Recorded data =
==*==

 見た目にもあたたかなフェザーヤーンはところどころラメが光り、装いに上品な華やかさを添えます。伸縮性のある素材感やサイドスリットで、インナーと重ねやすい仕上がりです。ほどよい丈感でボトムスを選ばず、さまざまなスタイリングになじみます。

==*==

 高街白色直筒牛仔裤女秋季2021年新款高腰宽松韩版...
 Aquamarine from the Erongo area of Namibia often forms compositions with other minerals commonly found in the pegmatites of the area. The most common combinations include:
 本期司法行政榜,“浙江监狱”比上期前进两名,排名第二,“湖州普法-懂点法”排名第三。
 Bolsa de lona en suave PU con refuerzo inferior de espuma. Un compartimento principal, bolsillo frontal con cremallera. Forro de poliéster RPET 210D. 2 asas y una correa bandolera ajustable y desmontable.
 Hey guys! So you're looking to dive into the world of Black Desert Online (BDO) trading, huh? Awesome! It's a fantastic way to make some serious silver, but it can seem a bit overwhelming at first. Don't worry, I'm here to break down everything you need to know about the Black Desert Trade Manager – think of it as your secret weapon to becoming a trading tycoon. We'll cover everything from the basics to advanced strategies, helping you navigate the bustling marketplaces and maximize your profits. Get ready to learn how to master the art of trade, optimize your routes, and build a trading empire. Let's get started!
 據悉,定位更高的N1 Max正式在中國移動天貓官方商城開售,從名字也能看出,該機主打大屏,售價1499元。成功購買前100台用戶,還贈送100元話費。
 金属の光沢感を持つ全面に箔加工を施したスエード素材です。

==*==

Assigned task = The required output is every line above from the one with "據悉,定位更高的N1 Max" down to the one with "金属の光沢感を持つ全面に箔加工を施したスエード素材です。", restated word for word, ends included.

Exercise solution =
 據悉,定位更高的N1 Max正式在中國移動天貓官方商城開售,從名字也能看出,該機主打大屏,售價1499元。成功購買前100台用戶,還贈送100元話費。
 金属の光沢感を持つ全面に箔加工を施したスエード素材です。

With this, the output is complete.